Mary Shelley uses themes of science and knowledge as a background of the novel and constructs the navel around these topics. Science in this novel is speculative rather than an articulation of current science. In other words, this novel is really about the world of the scientist who creates new reality. For Shelley, science is a unique theme and setting which helps the author to underline threats and dangers of human ignorance. Victor, the main character of the novel and devoted scientist, explains that “the theory of medicine, and those branches of physical science from which a naval adventurer might derive the greatest practical advantage” (Shelley). The opening sentence speaks of an enterprise “regarded with… evil forebodings” and this sets the tone for the novel as a whole perfectly. Shelley brings science to the forefront as part of the issues in question. It seems that the author relinquishes the mystery associated with scientific and biological solutions. The change must not have come altogether easily, however, as the plot and structure of this remarkable novel reveal.

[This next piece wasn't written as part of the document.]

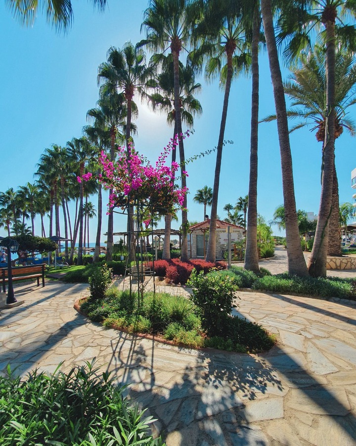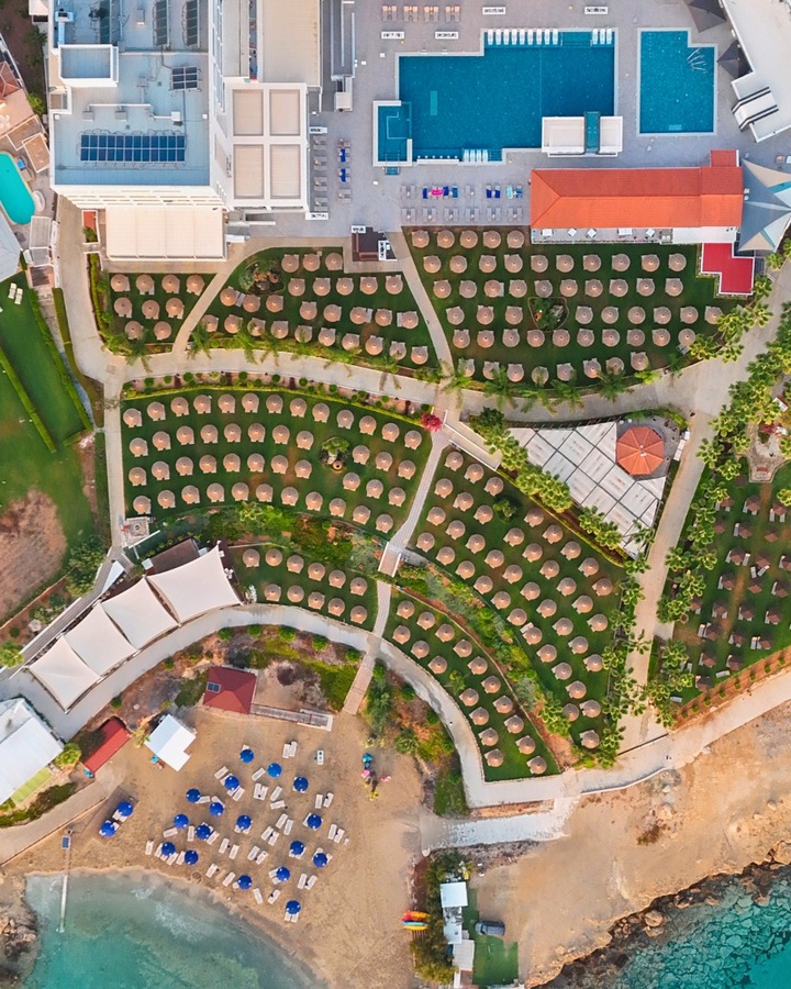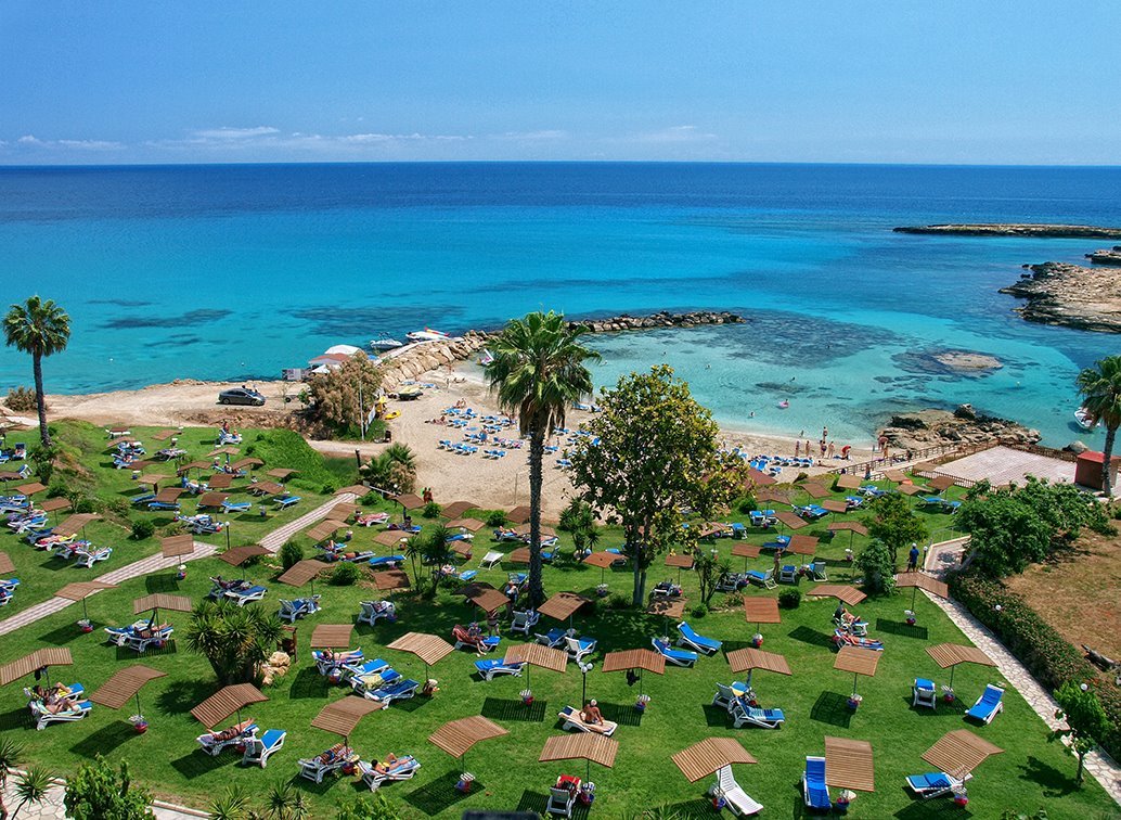 The hotel is located on the southeast coast of Cyprus in the town of Protaras. The complex is surrounded by palm trees, extensive lawns and gardens, while the resort center is within walking distance. There are also shops, restaurants, bars, and a number of very interesting attractions nearby (Fig Tree Bay beach, Cape Greco National Park, coastal promenade, Konnos Bay, Cyclops Caves). The hotel offers various types of luxuriously equipped rooms, several restaurants and bars, a terrace cafe, an internet corner, a children’s playroom, tennis lessons, horse riding, diving courses, bike rental or boat trips. In addition, there are various swimming pools and a wellness center with a gym.

Science and knowledge support Victor in his attempts to discover and study the secret of life. Victor explains: “I at once gave up my former occupations, set down natural history and all its progeny as a deformed and abortive creation, and entertained the greatest disdain for a would-be science which could never even step within the threshold of real knowledge” (Shelley). The novel is mysterious even though secrecy equals the scientific desire to understand the human life. Through the characters of the monster, Shelley portrays that science and knowledge are difficult to control and direct. Mary Shelley is here dissociating her story from the superstitious, backward-looking terrors of most novels. The horror of Victor’s tale is forward-looking; it springs from the progress of science, not from a willing return to belief in ghosts and demons. “Remember’, Victor insists, ‘I am not recording the vision of a madman” (Shelley). What remains, though, is something equally incapable of being controlled by science. Even though science and medicine can often harness the forces of nature, they have not yet been proven effective in matters involving the human heart. As it is clearly evident from the rest of the novel, Victor never leaves behind his faith in science, medicine and knowledge.
In sum, through the character of Victor, Shelley portrays that a person matures when he is able to accept responsibilities for his actions and their consequences. When Victor ‘matures’ and accepts his guilt, he understands that freedom has no value to him, the world has no comforts for any unfortunate soul who bears a guilt and remorse within him.
Mellor, Anne Mary Shelley: Her Life Her Fiction Her Monsters. New York: Routledge, 1989.
Peterfreund, S. Composing What May Not Be “Sad Trash”: A Reconsideration of Mary Shelley’s Use of Paracelsus in Frankenstein. Studies in Romanticism 43 (2004): 79.
Shelley, M. Frankenstein, 2007. Web.